Some of these folks are headed for the history books, courtrooms and possibly jail and many of them already adorn the dart boards of their former employees and clients. We can't cover the universe, but any list would have to include:
Alan Greenspan, dubbed "maestro" for what was once considered a majestic orchestration of the economy. But the retired Federal Reserve boss increasingly emerges as all-powerful enabler of the mortgage boom-to-bust fiasco, which snowballed into the biggest financial crisis since the Great Depression. Greenspan failed to outlaw products such as "no-documentation" and "low-documentation" loans, despite protests from regulators in Minnesota and elsewhere that some mortgage brokers and lenders were ramming through the securitization pipeline doomed-to-fail loans that were being packaged into lucrative securities and sold to pension funds and other investors. Moreover, the maestro failed to heed warnings for a decade that the financial system was awash in trillions worth of derivatives, sold ostensibly to juice returns or hedge investors against risk. Greenspan was a favorite of the Wall Street set that escaped with hundreds of millions before the collapse. Main Street is struggling with the devastating fallout of a government that failed to regulate prudently.
Thomas J. Balko and Jonathan E. Helgason, co-owners of TJ Waconia of Roseville, who pleaded guilty in federal court this year to a three-year mortgage-fraud scheme that devastated three north Minneapolis neighborhoods involving more than 150 properties and $35 million in mortgages. The swindlers were discovered by neighbors, who complained to City Council Members Barbara Johnson and Don Samuels and alerted the FBI.
Ralph Cioffi and Matthew Tannin, principals in a Bear Stearns hedge fund, were accused of encouraging investors to keep their money in the funds that were exposed to subprime mortgages even though they knew the funds were in serious trouble last spring. These were the first criminal charges to hit Wall Street in the housing market meltdown. The eventual implosion of their two hedge funds cost investors $1.8 billion and started the domino effect that led to the demise of Bear Stearns.
Former Minnesota Rep. Vin Weber and other high-bucks lobbyists who successfully fought Rep. Mike Oxley's 2005 bill to tighten the underwriting at Freddie Mac and Fannie Mae, the huge government-sponsored mortgage wholesalers that were declared insolvent and taken over by the Feds a few months ago. Oxley, a Republican who has since retired from Congress, told the Star Tribune last fall: "The [mortgage] brokers were dragging people in and they were targeting low-income and minority communities.

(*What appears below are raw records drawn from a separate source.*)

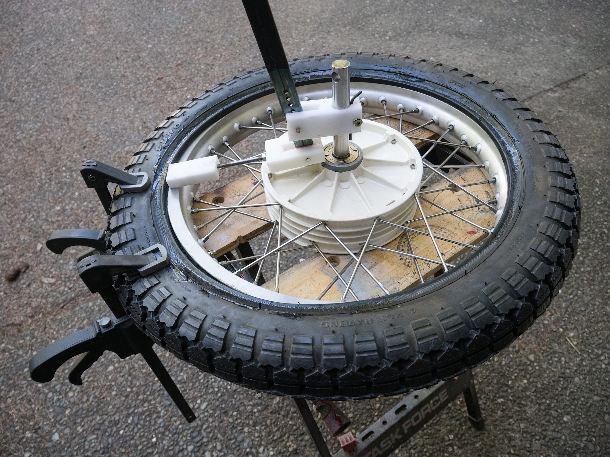 The trick is to squeeze the tire on one side with clamps to have more room on the other side. This is for removing and installing.
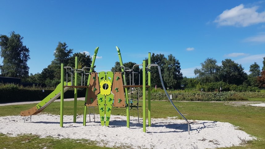 De Lente van Drenthe is located on the edge of the Gieten-Borger forest. Along with its attractive situation amidst forests and moorland, it is also just a short walk (200 m.) from ’t Nije Hemelriek. This is a large lake, with a maximum depth of 1.3 m, crystal clear water and a fine sandy beach. There is direct access to the many cycle, mountain bike and walking routes in the area. There are around 100 pitches for touring units here, all with 6A electricity and cable TV connections. The pitches are of a good size (a minimum of 100 sq.m). Electricity, water and drainage are available on 25 touring pitches. Enjoyable excursions for children are the Sprookjeshof in Zuidlaren and Kabouterland in Exloo. Close by are two sub-tropical pools.
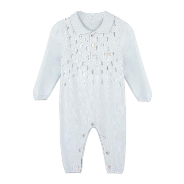 Вязаный комбинезон Bebetto голубого цвета создан для малышей. Он сделан из гипоаллергенного хлопка, что делает его безопасным для детской кожи. Пуговицы по всей длине позволяют легко сменить подгузник, не тревожа ребенка. Мягкий материал обеспечивает тепло в прохладные дни.
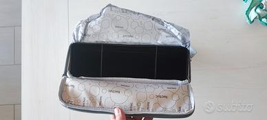 Comodissimo seggiolone alzasedia Tuc Tuc, ha una tracolla ragolabile, uno spazio interno di plastica rigida perfetto per riporre biberon, barattoli, piccoli termos, posate, bavaglini ecc.
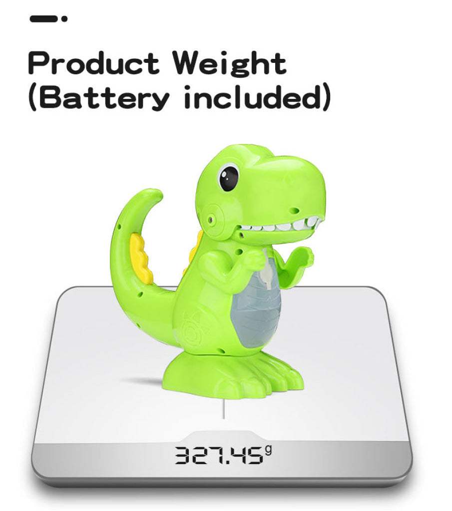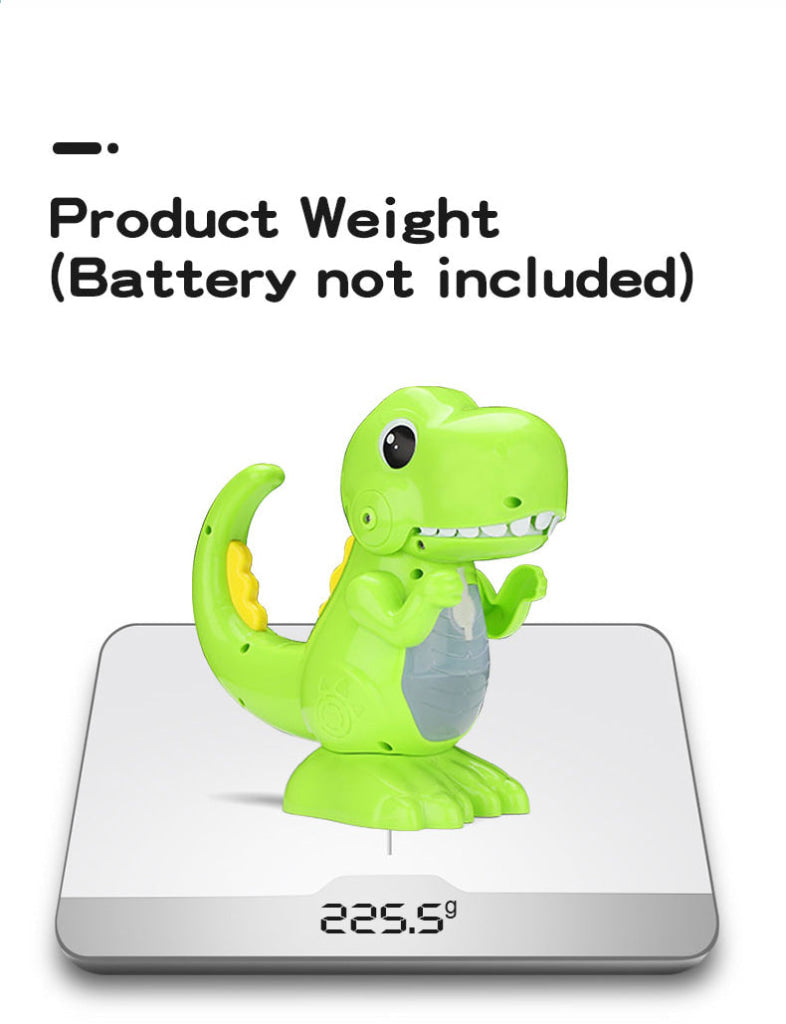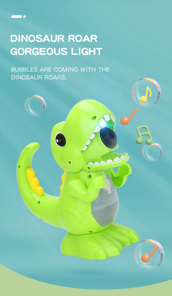 Three Steps,Let Bubbles Blow Out:Install 3 AA batteries(not included),inject the bubble liquid, press the trigger, t can blow countless bubbles from the dinosaur's mouth.
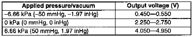 3. Decrease the applied pressure from +6.66 kPa (+50 mmHg, +1.97 in.Hg) to -6.66 kPa (-50 mmHg, -1.97 in.Hg) and verify that the PCM terminal 3F voltage decreases accordingly.
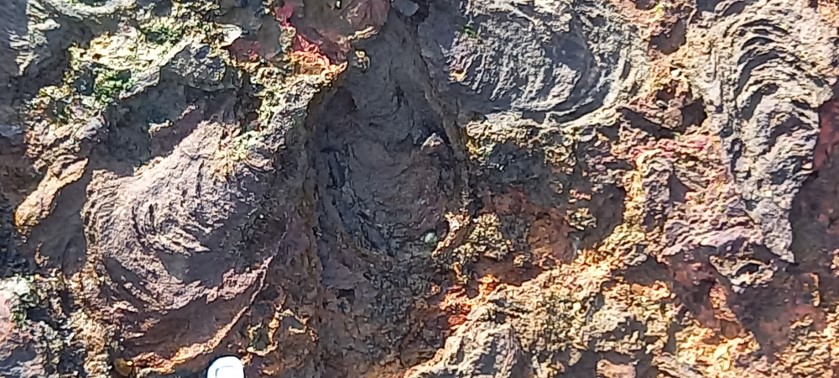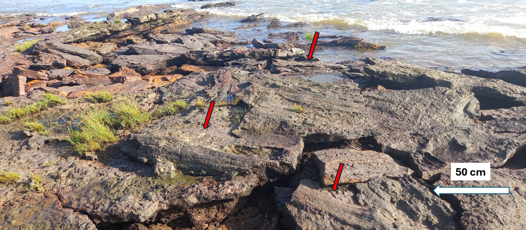 Já na manhã de 07.07.2024, pedalei, sozinho, ao longo da praia Grande da Baía do Sol. A imagem mostra essa praia em boa parte de sua extensão, ainda livre dos banhistas e seus traços costumazes. A maré já começara a subir e isto iria dificultar em parte as minhas atividades. Somente ao fundo, além da extensão visível, expõe-se o perfil laterítico em sua pujança. Para lá eu teria que pedalar, solo. O local estava deserto e normalmente não é recomendado para se andar sozinho. Perigo! Eu estava realmente com medo, mas me arrisquei. Tudo transcorreu sem sobressaltos, exceto a rápida subida da maré, dificultando o retorno. Não pude pedalar e sim, carregar a bike. Nesta porção da praia é possível observar troncos vegetais fósseis e traços fósseis de animais (icnofósseis), como Rhizocorallium.
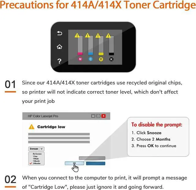 NOTE: As our 414A/414X toner cartridges utilize recycled chips, your printer may not accurately display the toner level, but this discrepancy will not impact your printing tasks
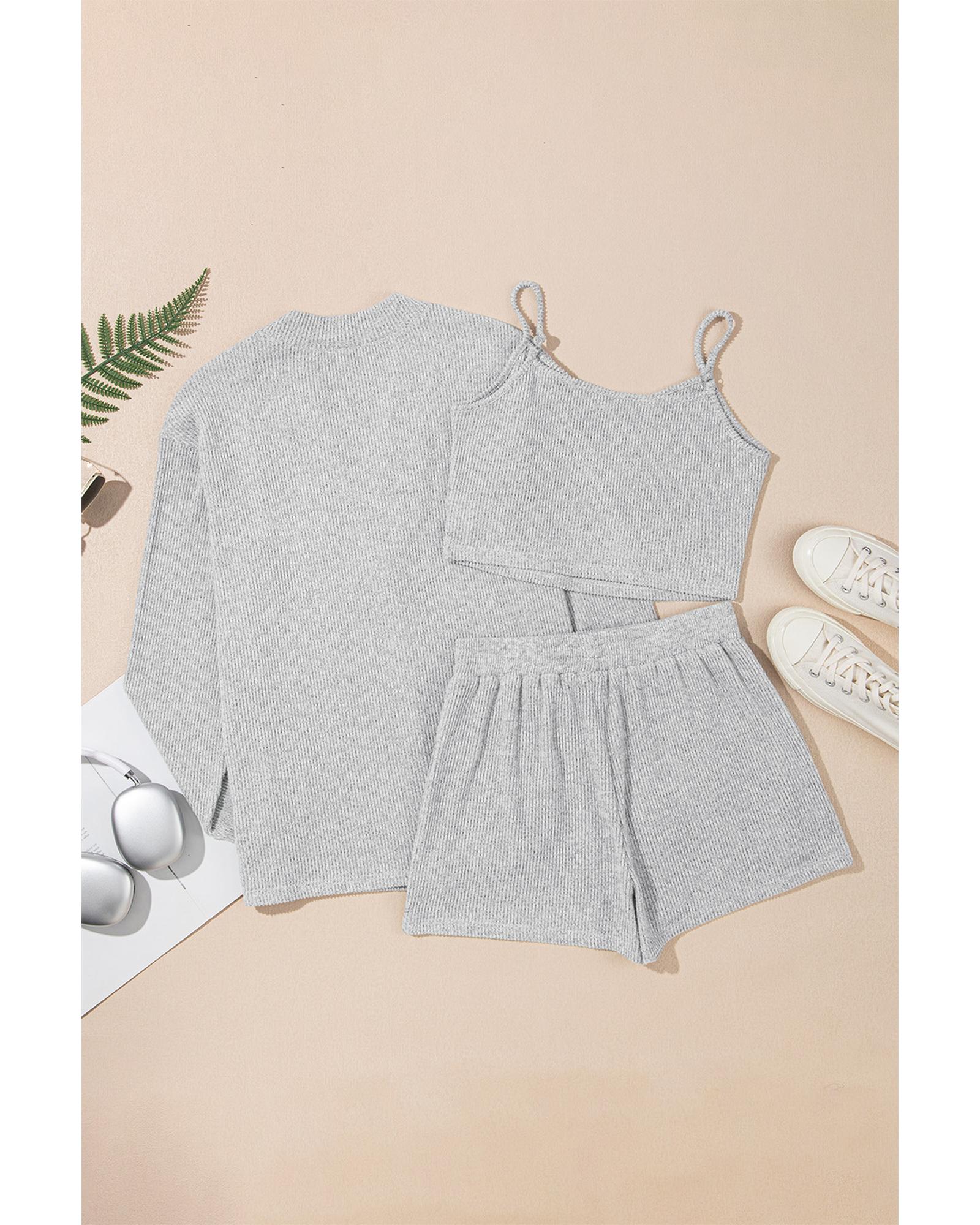 Light Grey 3 Pieces Rib Crop Camisole Matching Shorts Lounge Set with Cardigan – XL
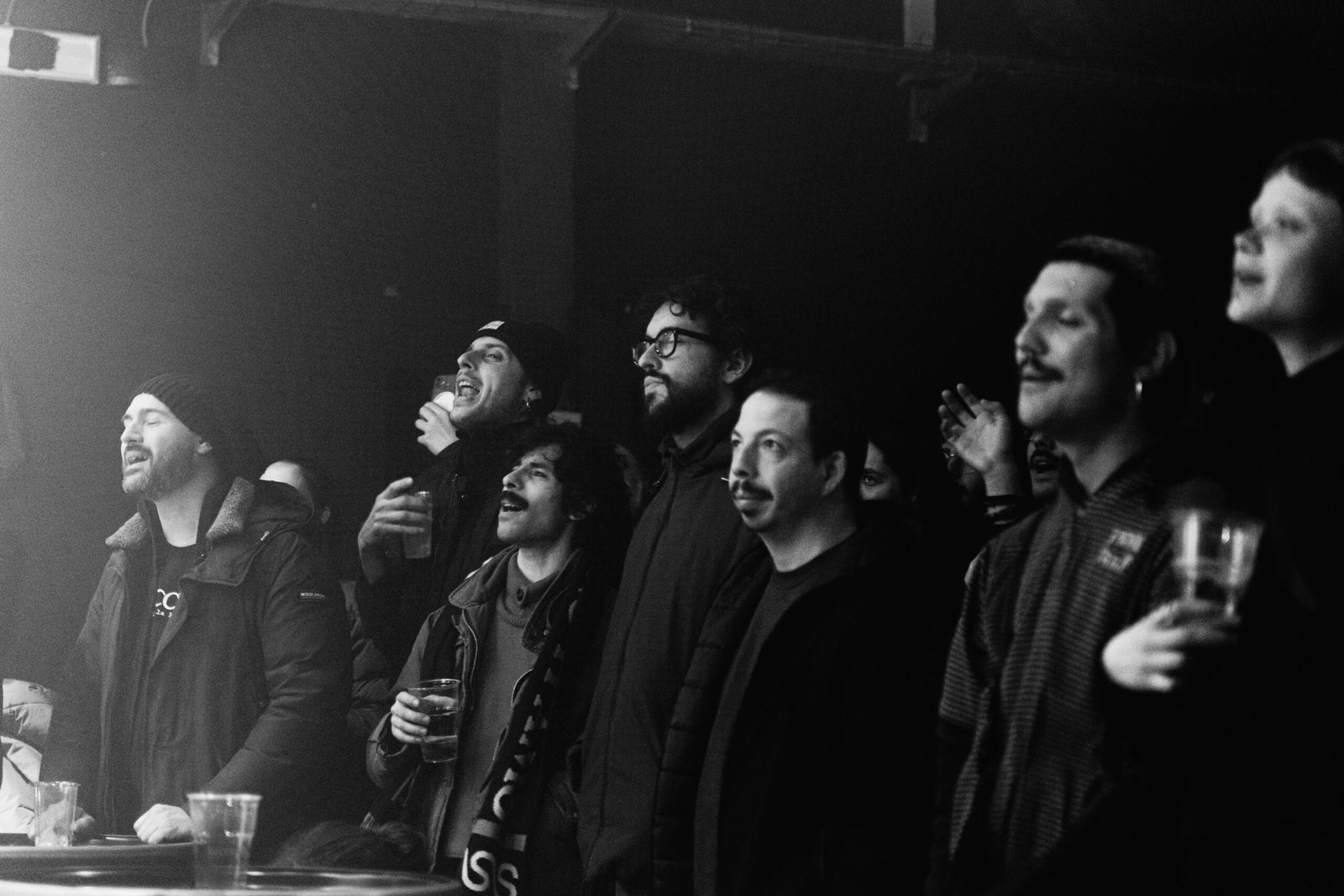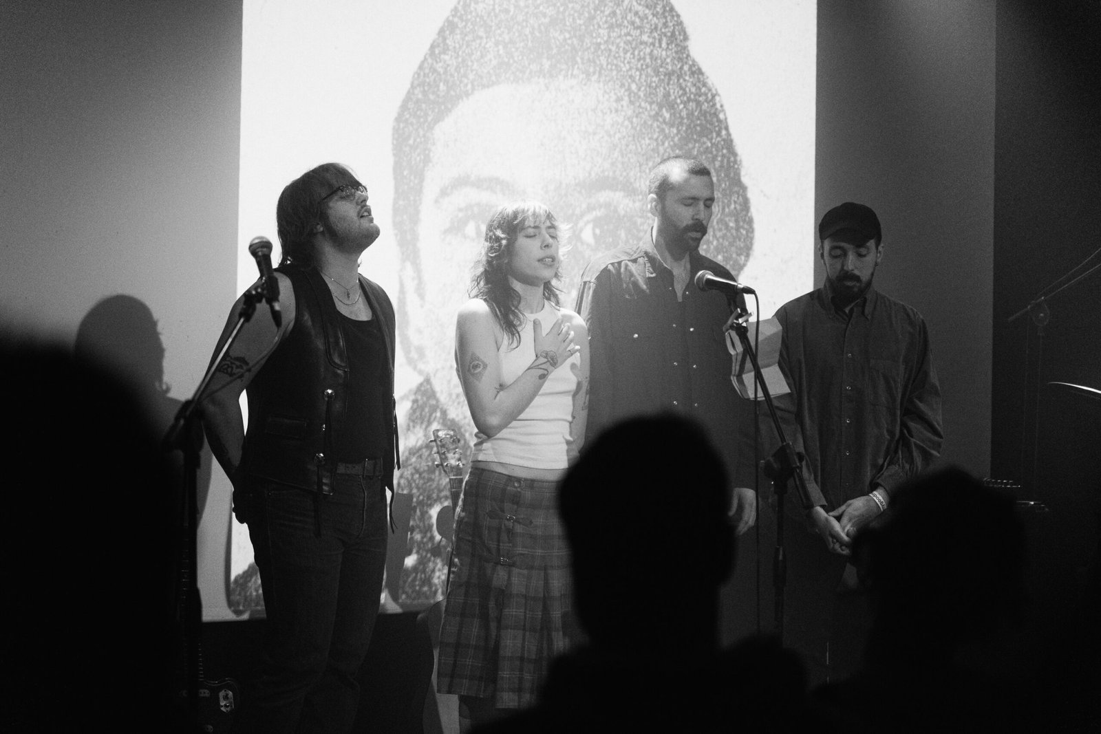 In un ambiente molto rilassato, si apre il live con l’ingresso di Lamante e gli altri componenti del gruppo: Elia Guglielmi alla chitarra elettrica e ai cori, Giulio Tisato al basso e Piero Pederzolli alla batteria. Insieme intonano, in stile canto partigiano, il primo mantra della serata: «Per un attimo dolore, poi solo l’amore». La frase viene ripetuta a cappella, con il supporto fisico e corale dei musicisti. Un inizio evocativo, che anticipa al pubblico quale sarà il leitmotiv della serata: una mano sul cuore e un grido in gola.

We had old bankers saying: 'What planet are you on?'"
Bernie Madoff, the self-confessed architect of a $50 billion, 20-year-long Ponzi scheme disguised as a hedge fund, is a leading contender for top honors. The collapse of Madoff's New York-based investment firm, which claimed consistently better-than-market returns but never said exactly how it achieved them, has left thousands of investors around the world and here in Minnesota with billions in losses. Madoff makes Joe Lunchpail feel smart for only being down 35 percent this year in an off-the-shelf Fidelity 401(k) account.
Tom Petters stands accused of bilking investors of about $3.5 billion, according to federal investigators and former associates, in what would be the biggest Ponzi scheme in Minnesota history. Of course, the Madoff scheme, which broke after the Petters scheme, leaves Minnesotans in the familiar "also-ran" mode. No, we're not New York, but Petters was peddling a heck of a story to bring in that kind of money.